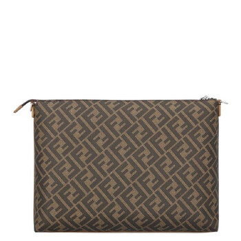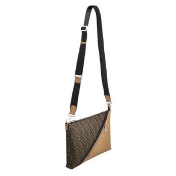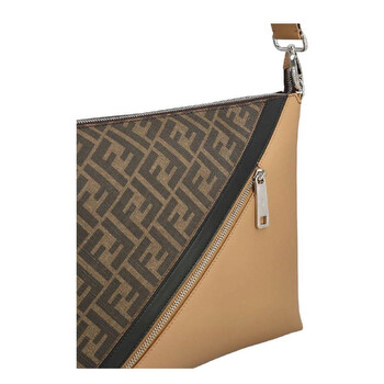 Fendi Men's Messenger. SKU: 7VA470-ALKA-F1IKC. Color: Tbmr/Black/Sand/P. Size: H: 25 cm × D: 5.5 cm × W: 34 cm. Fendi Diagonal FF Messenger Bag. This messenger bag is crafted from FF canvas and leather, featuring a leather diagonal insert. It includes a central compartment with a zip fastening, an internal zip pocket, and palladium-finish metalware. The tech fabric strap with logo lettering is adjustable and detachable. 45% cotton, 40% polyurethane, 15% polyester, 100% calf leather, inside: 63% cotton, 34% polyester, 3% acrylic. Made in Italy.
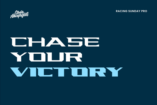 Racing Sunday Pro Font is a bold sport display font with a fast, angular style inspired by race cars and Sunday night matches. Its sharp diagonals and strong all–caps letters instantly give your design a sense of speed, power, and competition, perfect for eye-catching headlines and logos.
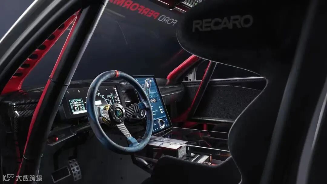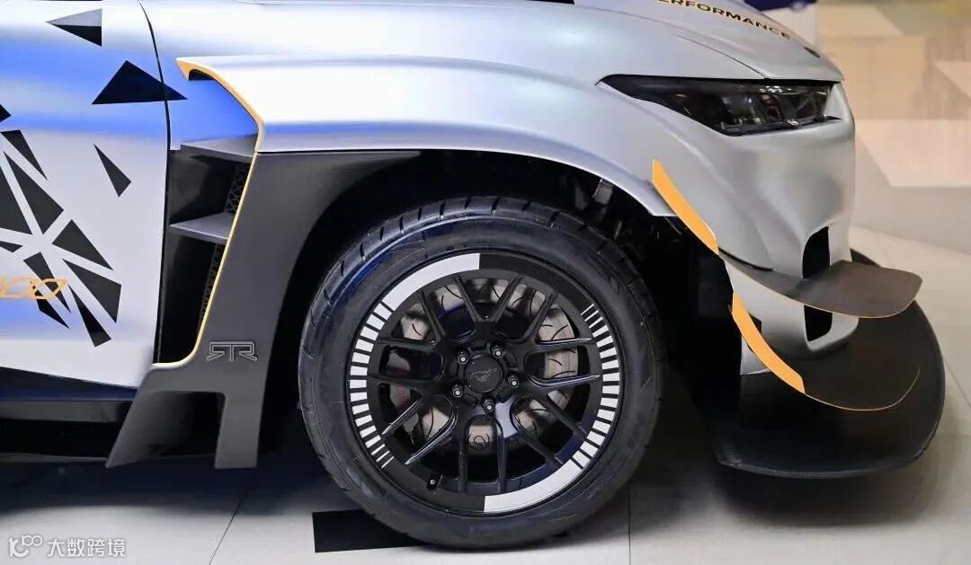 在转向系统方面,前端模块的不同配置增加了Mustang Mach-E1400在漂移和赛道的不同体验感。控制臂与转向变化允许极端的转向角度,使漂移更得劲,更刺激。

***

Work request -> Return each line of the material exactly as written; exclude the pictures.

Answer area ->
 Fendi Men's Messenger. SKU: 7VA470-ALKA-F1IKC. Color: Tbmr/Black/Sand/P. Size: H: 25 cm × D: 5.5 cm × W: 34 cm. Fendi Diagonal FF Messenger Bag. This messenger bag is crafted from FF canvas and leather, featuring a leather diagonal insert. It includes a central compartment with a zip fastening, an internal zip pocket, and palladium-finish metalware. The tech fabric strap with logo lettering is adjustable and detachable. 45% cotton, 40% polyurethane, 15% polyester, 100% calf leather, inside: 63% cotton, 34% polyester, 3% acrylic. Made in Italy.
 Racing Sunday Pro Font is a bold sport display font with a fast, angular style inspired by race cars and Sunday night matches. Its sharp diagonals and strong all–caps letters instantly give your design a sense of speed, power, and competition, perfect for eye-catching headlines and logos.
 在转向系统方面,前端模块的不同配置增加了Mustang Mach-E1400在漂移和赛道的不同体验感。控制臂与转向变化允许极端的转向角度,使漂移更得劲,更刺激。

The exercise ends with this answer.